An Amazon spokeswoman confirmed in an email last week that the products were no longer available.

“All marketplace sellers must follow our selling guidelines and those who don’t will be subject to action, including potential removal of their account,” she said. Among other requirements, the marketplace guidelines do not allow skin creams containing mercury.

The move was a major accomplishment for Ms. Adawe and her nonprofit group. After years of research, she believes that places that have experienced colonization and widespread racism are susceptible to exhibiting colorism.

Ms. Adawe hosts a one-hour radio show several times a week during which women call in and anonymously share why they lighten their skin.

“Some women have shared with me that they don’t feel like they are attractive enough to men,” Ms. Adawe said.

“There have been some communities that told me that the reason that they lighten their skin is that they are not accepted,” she said, adding that in many places around the world “your likelihood of getting a job depends on your skin color.”

For many people, the discrimination starts at home. Some family members may call only lighter-skinned relatives beautiful, or treat them better than darker-skinned relatives.

In a recent interview, the actress Lupita Nyong’o shared with BBC that the discomfort she felt with her complexion began at an early age.

“I definitely grew up feeling,” she says, before pausing and cringing, “uncomfortable with my skin color because I felt like the world around me awarded lighter skin.”

Ms. Nyong’o, an Oscar-winning actress, wrote a children’s book this year titled “Sulwe,” about colorism and self-esteem. She said she wrote the book so that children with darker skin could see themselves reflected in stories.

Colorism is not hidden — it parades itself on magazine covers, in big-budget films, on television and on social media.

In March, as Chris Rock presented an N.A.A.C.P. award, he made a joke about the actor Jussie Smollett, who at the time was embroiled in a controversy with the Chicago Police Department.

“What a waste of light skin, you know?” Mr. Rock said to the audience. “You know what I could do with that light skin? That curly hair? My career would be out of here.”

Mr. Rock, who is dark-skinned, delivered the lines to an audience that burst into laughter.

So how does the narrative change?

“The biggest thing is to redefine what beauty is,” Ms. Adawe said. “It is so much embedded in cultures that we need to retrain the colonized mind to make sure that even in the education system we create, it promotes all skin colors,” she added.

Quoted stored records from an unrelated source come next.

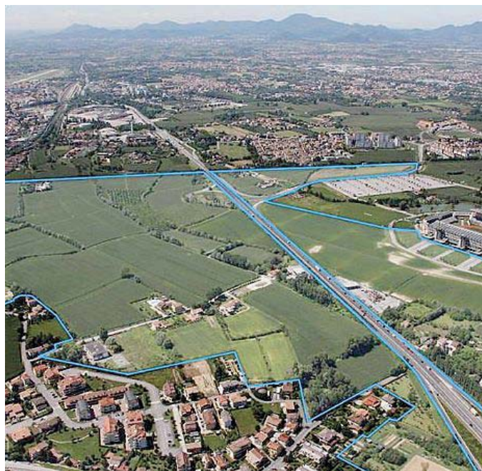
L'area di Padova Ovest dove era previsto il nuovo ospedale
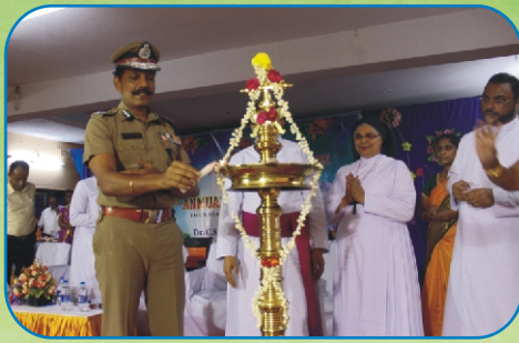
Annual Day Celebration - Sacred Heart School, Padi- Chennai
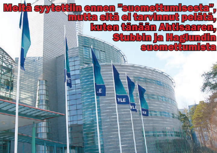
Suomen valtamedian (mm. YLE:n) Venäjä-vastaisuus menee ääriajalle. Aiemmin se on ennakoitunut vaikeita aikoja. Toivottavasti tilanne normalisoituu pian. Kuva kokoomuksen trollitehtaalta Länsi-Pasilasta.

Tänään saamme todistaa Suomen ulkopolitiikan täydellistä rappiota. Maatamme on asemoitu entistä tiiviimmin osaksi läntistä leiriä, joka koostuu kolmesta peruspilarista, USA, EU ja Nato. Tämä pyhä kolminaisuus tavoittelee täydellistä maailmanhallintaa ja totalitristista kapitalistista maailmanjärjestystä. Viimeaikaiset poliittisen johtomme edesottamukset osoittavat Suomen olevan tänä päivänä itsenäisen toimijan sijasta lännen tahdon alamainen. Meillä on lyhyessä ajassa tuhottu toisen maailmansodan jälkeen Paasikiven ja Kekkonen johdolla rakennettu ulkopolitiikka, joka perustui puolueettomuuteen, sovitteluun ja rauhanpolitiikkaan.
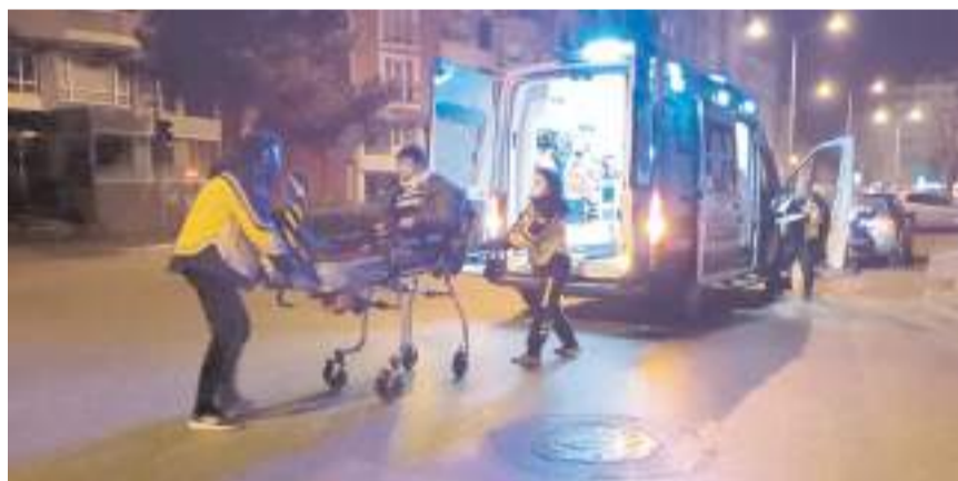
Yaralılar ilk müdahalenin ardından hastaneye kaldırıldı.

Çorum'da otomobil ile motosikletin çarpışması neticesinde meydana gelen trafik kazasında 2 kişi yaralandı.
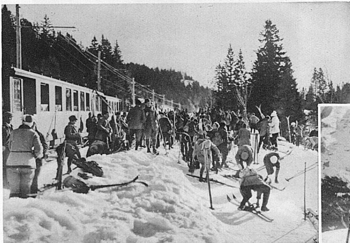
Sportbetrieb auf der Nyon-St-Cergue-Bahn / Le chemin de fer Nyon- St-Cergue au service des sports / Sport traffic on the railway between Nyon and St-Cergue / Movimento sportivo sulla ferrovia Nyon-St-Cergue
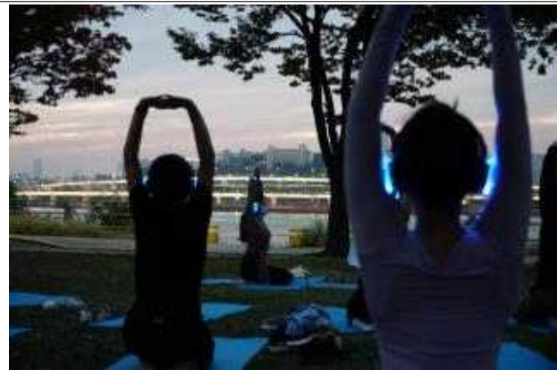
나홀로요가 (2022 한강페스티벌_가을)
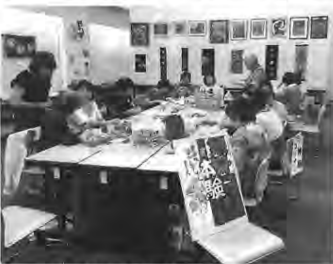
15種類の手作り作品に刺激されて無料体験コーナーも賑わいました。

北海道・苫小牧支部は、けた「第3回元気な高齢者小牧市文化振興事業の者の手作り作品展」を8月27、29日に開き、のべ
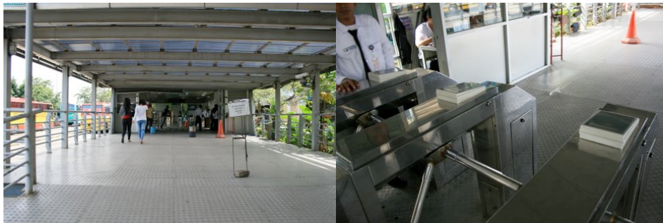
Terminus Kalideres ( TransJakarta ) équipé d'un système de contrôle avec carte
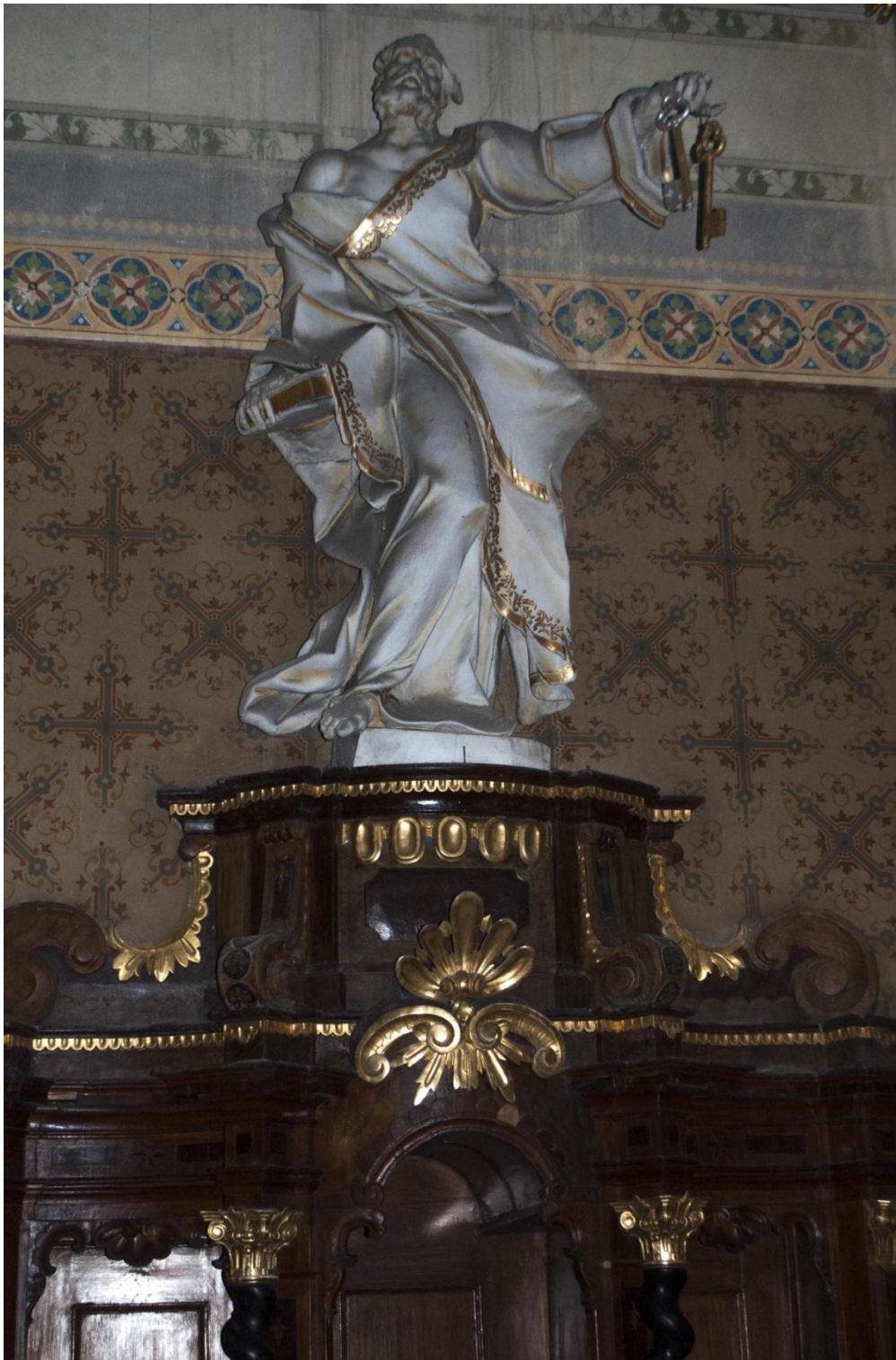
54. Franz Ignaz Günther, sv. Petr, 1751-1753, Kopřivná, kostel Nejsvětější Trojice, presbytář

Proper representation of people with dark skin in the mainstream media is also important, Ms. Adawe said.

“If you don’t have a role model, that can be hard,” she said. “If all you see are people that are succeeding are a different color than you, that they are all white, that impacts a lot of young people.”

Another way to move forward is to be more aware of colorism — when creating, hiring or teaching.

“The beauty standard,” Ms. Adawe said, “cannot be one skin color.”